The bellwether index slowed down for the third consecutive week, in line with expectations. Given that the index is clearly struggling to break out of its upper channel, and the stochastic oscillator remains very firmly etched in the overbought zone, it can be said with reasonable confidence that the current swing is running out of legs, and the index is due for a retracement any time now. Given that the overall sentiment is positive and bullish, this retracement is unlikely to be significant, though. In fact, it may just end up being more of a ‘time correction’ than a ‘price correction’ given the strong bullish ‘risk-on’ undercurrent.
Pharma had a breakout week, with the CNX Pharma Index decisively breaking out past its 20 WMA levels, including a 3% plus mid-week single day rally. Another 300-point upside in the CNX Pharma will clearly signal a reversal of fortunes for the long-beleaguered sector.

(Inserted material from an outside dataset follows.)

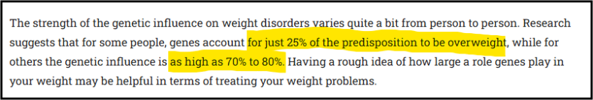 연구자마다 다르지만 비만에서 유전의 영향을 25%에서 80%까지 보고 있습니다.

The confluence of opposing factor continues to subdue the markets and prevent a comprehensive breakout. We’ve got global markets in the middle of a ‘risk on’ rally at the moment, and emerging markets, including India, can be said to be beneficiaries of this. However, there’s no ignoring the fact that the consumption engine has slowed down heavily. Offsetting this is the strong end to the monsoons and the government’s strong intent to disinvest. Clearly, the markets are already factoring in some strong future moves from the government to boost consumption.
Technicals-wise, we’ve witnessed a significant tightening in the bands on the daily charts. On the weekly charts too, we’re seeing the slant of the channels turning flat, despite September’s sudden breakout. A comprehensive breakout beyond 12,125 remains key to the rally developing further legs – in the absence of which we’re quite likely to see the markets settle into a more tightly bound rhythm. The immediate downside is capped at 11,400 levels.